Answer: 10
Step-by-step explanation:
Since 10.0 cm of a 1.00 x 10^-2 mol dm-3 aqueous solution of sodium hydroxide is added to a volumetric flask and the total volume is made up to 1.00 dm³ with distilled water, we have effectively diluted the solution.
To determine the concentration of sodium hydroxide in the diluted solution, we can use the dilution formula:
C1V1 = C2V2
Where C1 is the initial concentration, V1 is the initial volume, C2 is the final concentration, and V2 is the final volume.
In this case, C1 = 1.00 x 10^-2 mol dm-3, V1 = 10.0 cm = 10.0 x 10^-3 dm³ (converted to dm³), C2 is what we need to find, and V2 = 1.00 dm³.
Plugging in the values:
(1.00 x 10^-2 mol dm-3)(10.0 x 10^-3 dm³) = C2(1.00 dm³)
C2 = (1.00 x 10^-2 mol dm-3)(10.0 x 10^-3 dm³) / (1.00 dm³)
C2 = 1.00 x 10^-4 mol dm-3
Now that we have the concentration of sodium hydroxide in the diluted solution, we can determine the concentration of hydroxide ions (OH-) using stoichiometry.

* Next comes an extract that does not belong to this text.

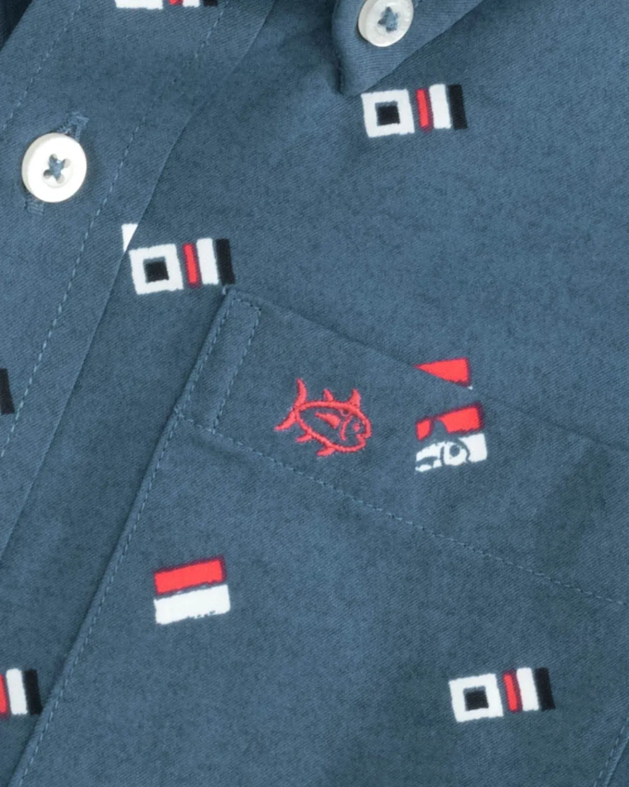 Signal Upscale But Not Uptight Southern Coastal Style In Our Nautical Symbol Intercoastal Sport Shirt. Stitched From Flexible, Wicking Fabric, This Button-Down Flies The Style Flag Wherever Their Footsteps Lead. Available In Youth And Men’S Sizes.

Since sodium hydroxide dissociates in a 1:1 ratio, the concentration of hydroxide ions is also 1.00 x 10^-4 mol dm-3.
To calculate the pOH of the solution, we can use the formula:
pOH = -log10 [OH-]
pOH = -log10 (1.00 x 10^-4)
pOH = 4
Since pH + pOH = 14 (at 25°C), we can find the pH of the solution by subtracting the pOH from 14:
pH = 14 - 4
pH = 10
Therefore, the pH of the diluted solution is 10.